(Items from a data source)
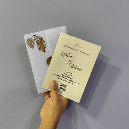 جنس پاکت کالک طلاکوبدار. جنس تویه مقوای متالایز. چاپ اطلاعات عروسی داخل کارت. قیمت درج شده قیمت تمام شده کارت می باشد، دیگر نیازی به پرداخت هزینه اضافی بجز هزینه پست نیست. تعداد کمتر از 100 عدد امکان سفارش وجود ندارد در صورت واریز مبلغ 72 ساعت بعد عودت داده خواهد شد. جهت چاپ اطلاعات عروسی داخل کارت بعد از خرید کارت عروسی مد نظر از طریق واتس آپ یا تلگرام با شماره 09141058588 در ارتباط باشید.
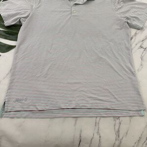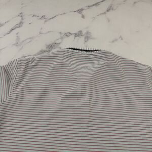 Johnnie-O men's light blue and red striped Hoover polo shirt, size L. It is free from any rips or stains. It measures about 25 inches across the chest and is about 29 inches long.
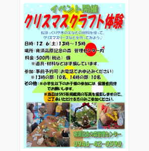 イベント開催のお知らせ【クリスマスクラフト体験】12/6(土)13時~15時
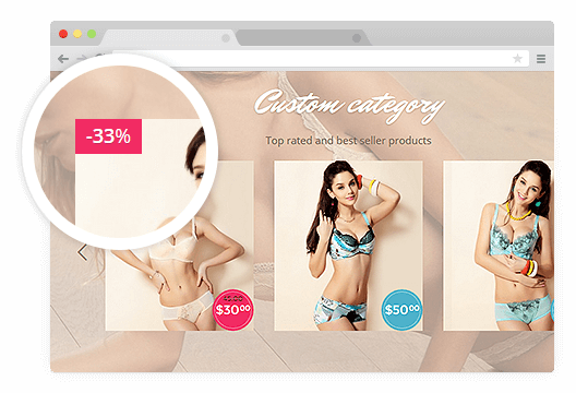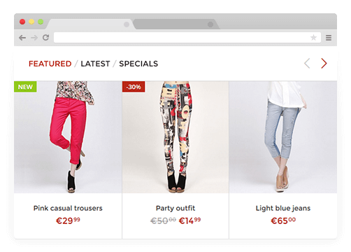 Special products can have a stylish label with the discount percent. You can also specify a period for which all latest items will have a label that will mark the product as “New”.
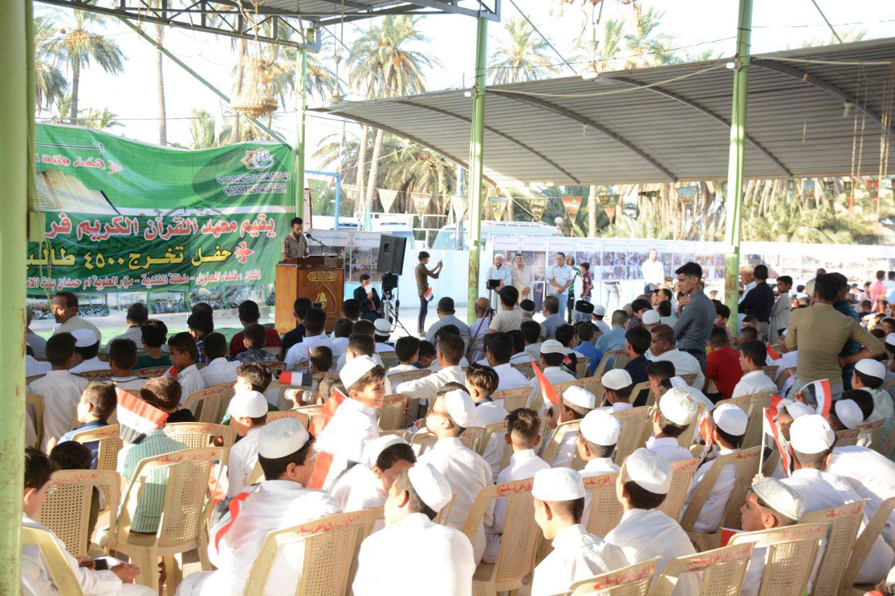 بمشاركة أكثر من 4,500 طالب أقام معهد القرآن الكريم / فرع بابل التابع للعتبة العباسية المقدسة حفل تخرج مشروع الدورات القرآنية الصيفية التي اقامها الفرع في المحافظة وبحضور جمع غفير من محبي الكتاب العزيز ومسؤولي العتبة العباسية المقدسة ووفود العتبات وأساتذة المشروع، استهل الحفل بتلاوة آيات من الذِكر الحكيم اعقبها كلمة معهد القرآن الكريم القها مديره الشيخ جواد النصراوي التي رحب فيها بالحضور الكبير والسادة الضيوف ومسؤولي العتبة العباسية المقدسة ووفود العتبات وأساتذة المشروع، ثم بين ان مشروع الدورات القرآنية الصيفية الذي ترعاه العتبة العباسية المقدسة المتنامي عام بعد عام كان لفرع بابل هذا العام النسبة الأكبر منه حيث بلغت ٢٥ % من نسبة العدد الكلي للمعهد و فروعه في المحافظات. كما اكد الشيخ النصراوي على ان فرع بابل شجرة مثمرة تلقي بظلالها و ثمرها على ابناء مدينة الحلة ومشاريع هذا الفرع في زيادة مستمرة من عام إلى عام و ما تحقق هذا النجاح لو لا الجهود الاستثنائية التي تبذل من قبل كادرهُ فلهم منا كل الشكر والتقدير لجهودهم القيمة، فيما شكر فضيلته العوائل الكريمة المؤمنة الطيبة على ما قدموه من تهيئة وتشجيع لأولادهم من خلال الحضور في الدورات المباركة وهم قد استغلوا العطلة الصيفية بأفضل استغلال وسخروا هذا الوقت الثمين لكي ينهلوا من كلام الله سبحانه وتعالى ويتعلموا تلاوته وحفظه. جاء بعدها كلمة فرع بابل ألقاها مسؤوله السيد منتظر المشايخي التي رحب فيها بالحاضرين ووجه من خلالها الشكر الى العتبة العباسية المقدسة متمثلتاً بمعهد القرآن الكريم وعلى راسهم سماحة المتولي الشرعي للعتبة العباسية المقدسة السيد احمد الصافي (دام عزه) على هذا الكرنفال الكبير والعرس القرآني المميز. وثم قدم التهاني الى طلبة هذا المشروع المبارك وبين ان الهدف من مشروع الدورات الصيفية هو بناء الإنسان بناء صحيحا وتربية الأولاد تربية تجعلهم يرتقون لما يريده الله والرسول وآل البيت الكرام عليهم السلام. وفي الختام تم عرض مسرحية قدمها نخبة من طلبة المشروع وكانت بعنوان (فالنتفقه)، اعقبها ختاماً دعاء الفرج لتعجيل في ظهور الحجة المنتظر (عج) وقراءة سورة الفاتحة لأرواح شهداء العراق الغيارى.

YOUR ASSIGNMENT:
Reproduce the lines above beginning at the line that contains "イベント開催のお知らせ【クリスマスクラフト体験】12/6(土)13時~15時" and ending at the line that contains "Special products can". No pictures.

EXERCISE RESPONSE:
 イベント開催のお知らせ【クリスマスクラフト体験】12/6(土)13時~15時
 Special products can have a stylish label with the discount percent. You can also specify a period for which all latest items will have a label that will mark the product as “New”.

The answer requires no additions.